Kernel module from TX2 is not working in Nano

Hi,
The kernel module worked (insmod-ed) in Jetson TX2, is not working in Jetson Nano. Both are same architecture.

Could you please let me know, is there any difference between two?
insmod: ERROR: could not insert module cfg80211-tx2.ko: Invalid module format

My expectation was no need to rebuild the module. But it is not the same. In there difference in cross-compiler?

Ubuntu 18.04.3->tx2; nano: 18.04.4.

Thanks.

There are differences (e.g., the module loader software itself), but I couldn’t tell you for sure about your case. You would always want to recompile it anyway since these are directly inserted into the kernel and may involve different address offsets from one kernel to the next. Even on a single kernel on the same system a load of the same module against a kernel compiled with different features would probably fail. For this to succeed your kernel config itself would need to be an exact match between the two systems (changing the config on a running system could invalidate every module currently being used…across two different computers this is quite likely).

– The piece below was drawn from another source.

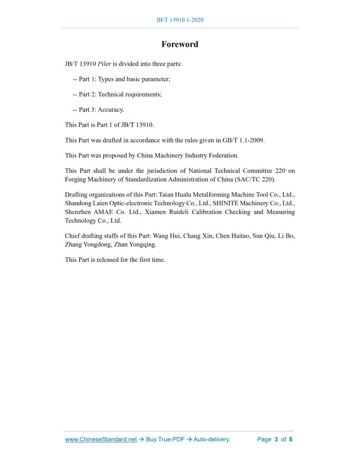 Similar standardsJB/T 13910.1-2020: Piler - Part 1: Types and basic parameter---This is an excerpt. Full copy of true-PDF in English version (including equations, symbols, images, flow-chart, tables, and figures etc.), auto-downloaded/delivered in 9 seconds, can be purchased online: https://www.ChineseStandard.net/PDF.aspx/JBT13910.1-2020JB MACHINERY INDUSTRY STANDARD OF THE PEOPLE’S REPUBLIC OF CHINA ICS 25.120.10 J 62 Piler - Part 1: Types and basic parameter ISSUED ON: APRIL 16, 2020 IMPLEMENTED ON: JANUARY 01, 2021 Issued by: Ministry of Industry and Information Technology of the People's Republic of China Table of ContentsForeword ... 3 1 Scope ... 4 2 Terms and definitions ... 4 3 Types ... 4 4 Basic parameters ... 7 4.1 Main parameters ... 7 4.2 Parameters ... 7ForewordJB/T 13910 Piler is divided into three parts: -- Part 1: Types and basic parameter; -- Part 2: Technical requirements; -- Part 3: Accuracy. This Part is Part 1 of JB/T 13910. This Part was drafted in accordance with the rules given in GB/T 1.1-2009. This Part was proposed by China Machinery Industry Federation. This Part shall be under the jurisdiction of National Technical Committee 220 on Forging Machinery of Standardization Administration of China (SAC/TC 220). Drafting organizations of this Part: Taian Hualu Metalforming Machine Tool Co., Ltd., Shandong Laien Optic-electronic Technology Co., Ltd., SHINITE Machinery Co., Ltd., Shenzhen AMAE Co. Ltd., Xiamen Ruideli Calibration Checking and Measuring Technology Co., Ltd. Chief drafting staffs of this Part: Wang Hui, Chang Xin, Chen Haitao, Sun Qiu, Li Bo, Zhang Yongdong, Zhan Yongqing. This Part is released for the first time. Piler - Part 1: Types and basic parameter1 ScopeThis Part of JB/T 13910 specifies the types and basic parameters of the piler. This Part applies to the piler on the uncoiling, leveling and shearing production line for sheet metal; it also applies, as a reference, to other pilers.2 Terms and definitionsThe following terms and definitions are applicable to this document. 2.1 Piler A facility used for neatly collecting the uncoiled, leveled and sheared sheets. 2.2 Supporting frame A device that prevents scratches on the surface of the sheet during the stacking process. 2.3 Supporting platform A device for placing sheets during sheet stacking. 2.4 Side pushing A device that pushes the sheets in the side direction (the width direction of the sheets) during the stacking process of the sheets. 2.5 Longitudinal pushing A device that pushes the sheets in the longitudinal direction (the length direction of the sheets) during the stacking process of the sheets.3 TypesThe types of pilers are mainly divided into the following seven categories; various types of functions can be combined arbitrarily according to user requirements: a) Supporting frame-free and supporting platform-fixed piler: without supporting frame, side pushing for lateral moving, longitudinal pushing for longitudinal moving, fixed supporting platform. The structure is shown in Figure 1. ......Source: Above contents are excerpted from the full-copy PDF -- translated/reviewed by: www.ChineseStandard.net / Wayne Zheng et al. Tips & Frequently Asked Questions:Question 1: How long will the true-PDF of English version of JB/T 13910.1-2020 be delivered?Answer: The full copy PDF of English version of JB/T 13910.1-2020 can be downloaded in 9 seconds, and it will also be emailed to you in 9 seconds (double mechanisms to ensure the delivery reliably), with PDF-invoice.Question 2: Can I share the purchased PDF of JB/T 13910.1-2020_English with my colleagues?Answer: Yes. The purchased PDF of JB/T 13910.1-2020_English will be deemed to be sold to your employer/organization who actually paid for it, including your colleagues and your employer's intranet.Question 3: Does the price include tax/VAT?Answer: Yes. Our tax invoice, downloaded/delivered in 9 seconds, includes all tax/VAT and complies with 100+ countries' tax regulations (tax exempted in 100+ countries) -- See Avoidance of Double Taxation Agreements (DTAs): List of DTAs signed between Singapore and 100+ countriesQuestion 4: Do you accept my currency other than USD?Answer: Yes. www.ChineseStandard.us -- JB/T 13910.1-2020 -- Click this link and select your country/currency to pay, the exact amount in your currency will be printed on the invoice. Full PDF will also be downloaded/emailed in 9 seconds.How to buy and download a true PDF of English version of JB/T 13910.1-2020?A step-by-step guide to download PDF of JB/T 13910.1-2020_EnglishStep 1: Visit website https://www.ChineseStandard.net (Pay in USD), or https://www.ChineseStandard.us (Pay in any currencies such as Euro, KRW, JPY, AUD).Step 2: Search keyword "JB/T 13910.1-2020". Step 3: Click "Add to Cart". If multiple PDFs are required, repeat steps 2 and 3 to add up to 12 PDFs to cart. Step 4: Select payment option (Via payment agents Stripe or PayPal). Step 5: Customize Tax Invoice -- Fill up your email etc. Step 6: Click "Checkout". Step 7: Make payment by credit card, PayPal, Google Pay etc. After the payment is completed and in 9 seconds, you will receive 2 emails attached with the purchased PDFs and PDF-invoice, respectively. Step 8: Optional -- Go to download PDF. Step 9: Optional -- Click Open/Download PDF to download PDFs and invoice. See screenshots for above steps: Steps 1~3 Steps 4~6 Step 7 Step 8 Step 9 |

OK. But the module, that I built on Nano, itself showing the error insmod: ERROR: could not insert module <module.ko>: Invalid parameters. Nano supports loadable modules right?

The same module built on tx2, worked in TX2.

1 Like

Yes, Nano is like any other Linux system and supports modules. However, you’ve misinterpreted the meaning of this:

Every program, even kernels and functions within kernels, can be passed arguments (at least in C, which is what we are talking about). Some programs must be passed arguments, or particular arguments, and this is just the programmer’s choice. That error indicates module load works (as a mechanism), but that something needed in addition to the module is missing.

An example which most people would not expect is for a module acting as a driver to a non-plug-n-play hardware. A driver must know the physical address of the hardware it is talking to, and for non-plug-n-play, this tends to mean the device tree passing that information. Whenever a module (or any driver) loads it is given a chance to read the content of the device tree. Parameters not “compatible” with your driver are ignored (there is a “compatible” section in most device tree nodes naming which drivers will be interested in the data). That data includes the physical address. If you require a physical address to find the hardware, then the driver will fail due to lack of being passed a physical address as an argument.

Often the same thing goes on with the kernel command line…everything has the ability to see the kernel command line during kernel startup (and a module loading is a part of the kernel starting up). Those arguments a driver does not care about are ignored, and only arguments the particular module or driver cares about will actually be used.

Also consider that it is possible the module might be looking for the output result of another module, e.g., an encryption module might provide a key, and if that function is not enabled in your kernel, then there would be a failure to pass the key to the module you are loading. It is a tree of dependencies for this case, and not a physical address being passed. It is an example of how missing another module can invalidate a seemingly unrelated module.

Perhaps you need a device tree change? Depends on what the missing argument is. To know this you’d have to research the driver requirements. On the other hand, if you just built the module against the other system, the Kconfig system can be used to make sure you have all of the kernel feature dependencies. This wouldn’t tell you about a device tree requirement since that is a runtime requirement, but it would certainly narrow down the failure.